Why We Test for Drugs & Alcohol

By Walter J. Brudzinski
Friday, October 04, 2013

Is chemical drug and alcohol testing of commercial vessel personnel effective? 

In 1988, the Coast Guard implemented chemical testing to discourage drug and alcohol use by commercial vessel personnel, reduce the potential for marine casualties related to drug and alcohol use, and enhance the safety of the maritime transportation industry. While the Coast Guard has been collecting data on drug testing results for more than 20 years, there have not been any studies on the effectiveness of chemical testing in meeting stated goals. 
To determine the extent chemical testing achieves these goals, Post-Accident drug and alcohol test results of crewmembers from two vessel categories were compared. The first vessel category consists of minimally regulated commercial fishing vessels (CFVs) with no crewmember chemical testing requirements except for Post-Accident drugs and alcohol. The second category consists of highly regulated small passenger vessels (SPVs) of 100 tons or less with comprehensive crewmember chemical testing requirements. The drug test results that marine employers submit to the Coast Guard each year, 2003-2011, were also compared.  
Comparing Post-Accident drug and alcohol positivity rates between crewmembers of the above vessel categories, Post-Accident drug and alcohol positive tests per serious marine incident (SMI) between crewmembers of each vessel category, and Random versus Post-Accident drug test positivity rates from all commercial vessel personnel subject to comprehensive chemical testing as reported by their employers, crewmembers on small passenger vessels were found to have had much lower Post-Accident drug and alcohol positive test results than crewmembers on commercial fishing vessels. Chemical drug and alcohol testing therefore appears to have achieved its goals at least to the extent of the data analyzed in this study. 

Methods 
U.S. Documented small passenger vessel (SPV) crewmembers in safety sensitive positions are subject to chemical testing as well as credentialing or licensing requirements. SPVs are also subject to inspection and are the most regulated of all U.S. Documented vessels. Conversely, U.S. Documented commercial fishing vessels (CFVs) are subject to the least amount of Coast Guard regulation. For example, they are subject to safety inspections such as firefighting and lifesaving equipment, but are not subject to vessel inspection. CFV crewmembers are not subject to Coast Guard credentialing or licensing requirements; they have no limits on the time they are on duty; and, they are not required to pass a Pre-Employment chemical test or be subject to subsequent Random or Reasonable Cause testing. They are, however, subject to Post-Accident drug and alcohol testing so they present a perfect contrast to SPV crewmembers for comparison. 
To determine if the test results between the two vessel types were statistically significant; the two-proportion z-test was used. Yearly and total, overall differences in positivity rates and positive tests per SMI between CFVs and SPVs were compared. The level of significance used for those tests was equal to or less than 0.05, giving less than 5% likelihood the results were due to chance. Linear regression and correlation were used to examine the relationship between Post-Accident drug test positivity rates and Random drug test positivity rates from all vessels with crewmembers subject to chemical testing.  

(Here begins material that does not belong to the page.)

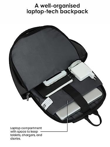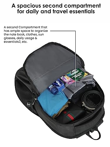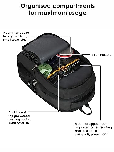 Large Compatment dedicated tech-safe that can store laptops up to 15.6 inch, Second Large Compartment for Books, Cloth & Sunglasses & Essentials etc. and Third compartment 2 Small pocket for Chargers and Earphones or Wallets , 2 Pen Holders & zipper compartment for Mobile Phone, Passport etc.

CFV vs. SPV Post-Accident Positive drug tests
To determine the extent chemical testing has discouraged drug use by commercial vessel personnel, Figure 1 compares Post-Accident verified positives for one or more drugs between CFVs and SPVs from 2003-2011. Each year, the positivity rates of CFVs are higher than the positivity rates of SPVs by at least 32% and as much as 96%. SPV crewmembers averaged 77% fewer positive drug tests than CFV crewmembers. Overall, the probability that Post-Accident drug test positivity rates between CFV crewmembers and SPV crewmembers was due to chance is much less than five percent and thus statistically significant.  

CFV vs. SPV Post-Accident alcohol tests
Figure 2 compares Post-Accident alcohol test positivity rates between CFV and SPV crewmembers.  Despite some expected year to year variation, all of the Post-Accident alcohol test positivity rates of SPVs were lower than CFVs by at least 14% and as much as 100%. SPV crewmembers averaged 73% fewer positive alcohol tests than CFV crewmembers. Overall, the probability that Post-Accident alcohol test positivity rates between CFV crewmembers and SPV crewmembers was due to chance is less than 5 percent and thus statistically significant.  

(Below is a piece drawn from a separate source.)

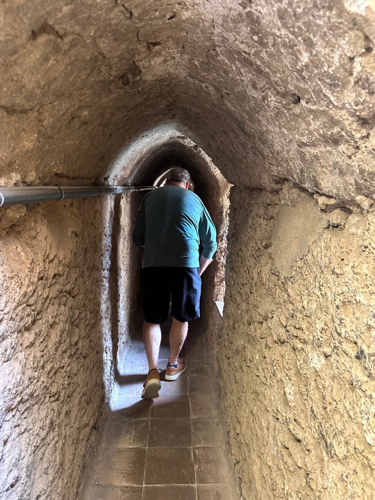 Climbing through one of the passageways in the fortified tower:

CFVs vs. ALL vessels Post-Accident drug tests
Figure 3 compares Post-Accident verified positives for one or more drugs between CFVs and ALL vessels with crewmembers subject to comprehensive chemical testing from 2003-2011. Recall from Figure 1 that Post-Accident drug test positivity rates of SPV crewmembers subject to chemical testing were much lower than drug test positivity rates of CFV crewmembers not otherwise subject to chemical testing. The differences were even greater when CFV crewmembers’ positivity rates are compared to crewmembers of ALL vessels with crewmembers subject to comprehensive chemical testing. 
Post-Accident positivity rates of crewmembers subject to chemical testing from ALL vessels were at least 89% lower and as much as 97% lower than Post-Accident positivity rates of CFV crewmembers.  Crewmembers from ALL vessels averaged 92% fewer Post-Accident positive drug tests than CFV crewmembers.  Overall, the probability that Post-Accident drug test positivity rates between CFV crewmembers and ALL crewmembers was due to chance is much less than five percent and thus statistically significant.  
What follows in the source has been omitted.